Pointers

Pointers are just integers that represent memory addresses.

Raw Pointers

Defining Pointers

A pointer is just a memory address — an integer, so it doesn’t need a type. Giving a pointer a type just states that the data at that address is the type we specified.

Here we’ve defined a pointer with memory address 0. Note that 0 is not a valid memory address. It’s the same as NULL.

// These are all equivalent
void *ptr = 0;
void *ptr = NULL;
void *ptr = nullptr;

What if we want to create a useful pointer that points to a valid memory address, like a variable in our program?

int var = 16;

// &var is the memory address of var.
// int * is our way of telling what the data type is that
// ptr points to. Using void * would also be valid.
int *ptr = &var;

Using Pointers

We can use a pointer to manipulate the data stored at its address, by dereferencing the pointer using a *.

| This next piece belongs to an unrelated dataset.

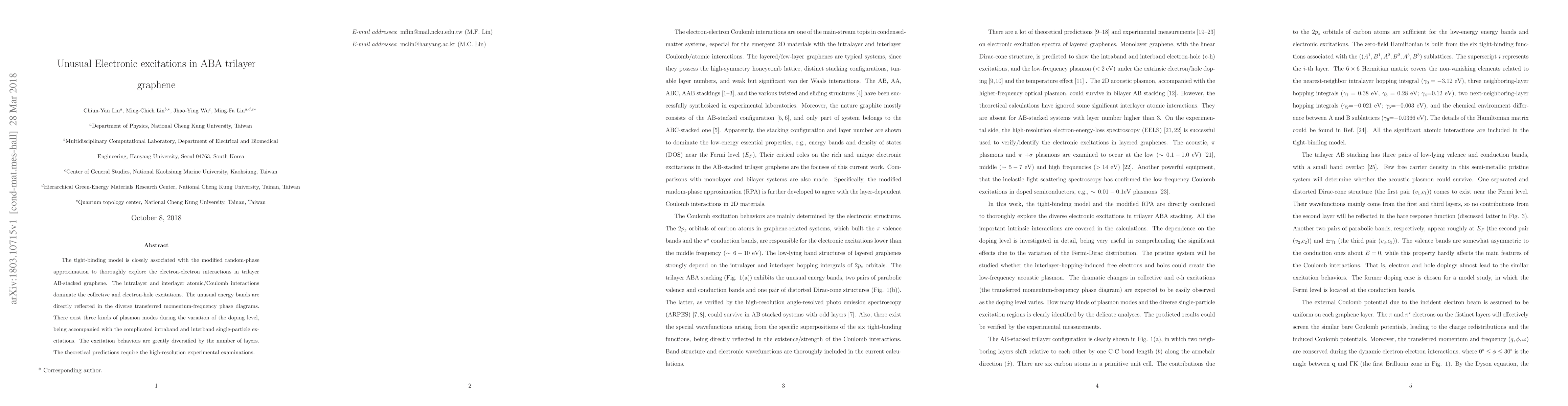 This paper investigates electron-electron interactions in trilayer AB-stacked graphene using a tight-binding model and modified random-phase approximation, revealing unusual electronic excitations and diverse plasmon modes influenced by doping levels and layer interactions. Experimental validation of these theoretical predictions is recommended.
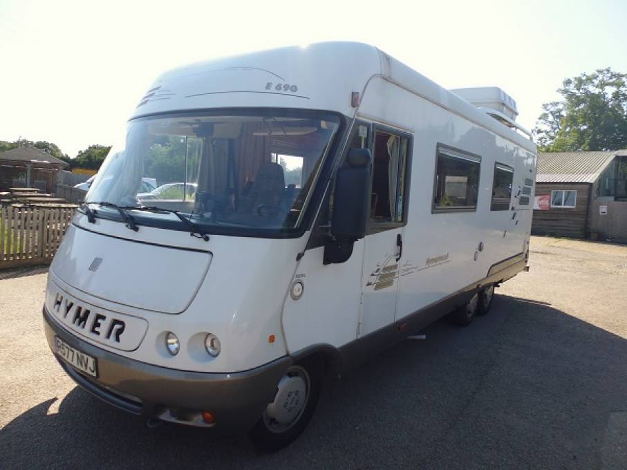 Great example of an iconic Left hand drive Hymer A class. This 690 tag axle model is a 5 berth with a French bed to the rear and the drop down overcab bed to the front. Great spec and a great layout for the serious motorhomer. Based on the Fiat ducato 2.5td chassis with a 5 speed manual gearbox . 65k kilometres from new. Dont miss. AWAITING PREPARATION

Using the snippet above as an example:

int var = 16;
int *ptr = &var;

// Writing from a pointer:
// Go to the address stored in ptr and set the value there to 13
*ptr = 13;

// Reading from a pointer:
// Retrieve the value at the address stored in ptr, save to myvar2
int myvar2 = *ptr;

We can allocate space on the heap, which returns a pointer to the beginning address, set all the values to 0, then clean up.

// Allocate 8 chars in heap, and return a pointer to first one
char *buffer = new char[8];

// Sweep 8 bytes starting at buffer and set each value to 0.
memset(buffer, 0, 8);

// Clean up allocated memory.
delete[] buffer;

Double, Triple Pointers

Pointers themselves are stored in memory, and have a memory address of their own. You can create a pointer whose memory address references that of another pointer. These are essentially just pointers to pointers.

An example of this:

int var = 16;

// Just like before, ptr1 is an int pointer
int *ptr1 = &var;

// Store address of ptr1 in ptr2
// ptr2 is a pointer to an int pointer, hence int **
int **ptr2 = &ptr1;

Smart Pointers

Smart pointers are a way to automate the process of allocating and freeing memory on the heap. They’re just a wrapper around a raw pointer.

With raw pointers, we would need to do:

// Allocate 8 chars in heap, and return a pointer to first one
char *buffer = new char[8];

// ... do something with buffer ...

// Clean up allocated memory.
delete[] buffer;

Different types of smart pointers:

  • std::unique_ptr: When this pointer goes out of scope, it will be destroyed (delete will be called on it). These are scoped, so you can’t copy a unique_ptr, because when one copy of it dies, that memory is freed so all other copies just reference freed memory. *

Using Smart Pointers

GeeksForGeeks - Smart Pointers

The first thing we’ll have to do to get access to these smart pointers is to #include <memory>.

We’ll be using the following class to demonstrate the functionality of smart pointers:

#include <iostream>
#include <string>
#include <memory>

// Class to show creation/destruction of smart pointer
class Entity {
    public:

        // Constructor
        Entity() {
            std::cout << "Created Entity!\n";
        }

        // Destructor
        ~Entity() {
            std::cout << "Destroyed Entity!\n";
        }

        void entityPrint() {
            std::cout << "print() invoked\n";
        }
};

std::unique_ptr

If we want to create a pointer that lives in a certain scope, we can do that like so:

int main() {
    {
        std::unique_ptr<Entity> entity = std::make_unique<Entity>();

        entity->entityPrint();
    }
}
You can only have 1 copy in existence for the life of a std::unique_ptr. Its life and death is within the scope that it was defined in. For example, you cannot do something like std::unique_ptr<Entity> e2 = entity, this would not even compile.

std::shared_ptr

By using shared_ptr, more than one pointer can point to this one object at a time and it’ll maintain a Reference Counter using the use_count() method (GeeksForGeeks). Each time a shared pointer falls out of scope, the allocated object’s reference counter is decremented. Once the reference count reaches zero, the object is deallocated and freed.

Example:

int main() {

    std::shared_ptr<Entity> e2;
    {
        std::shared_ptr<Entity> e1 = std::make_shared<Entity>();
        std::cout << e1.use_count() << '\n';
        e2 = e1;
        e2->entityPrint();
        std::cout << e2.use_count() << '\n';
    }
    std::cout << e2.use_count() << '\n';
}

Example output:

Entity constructed()
1
print() invoked
2
1
Entity destructed()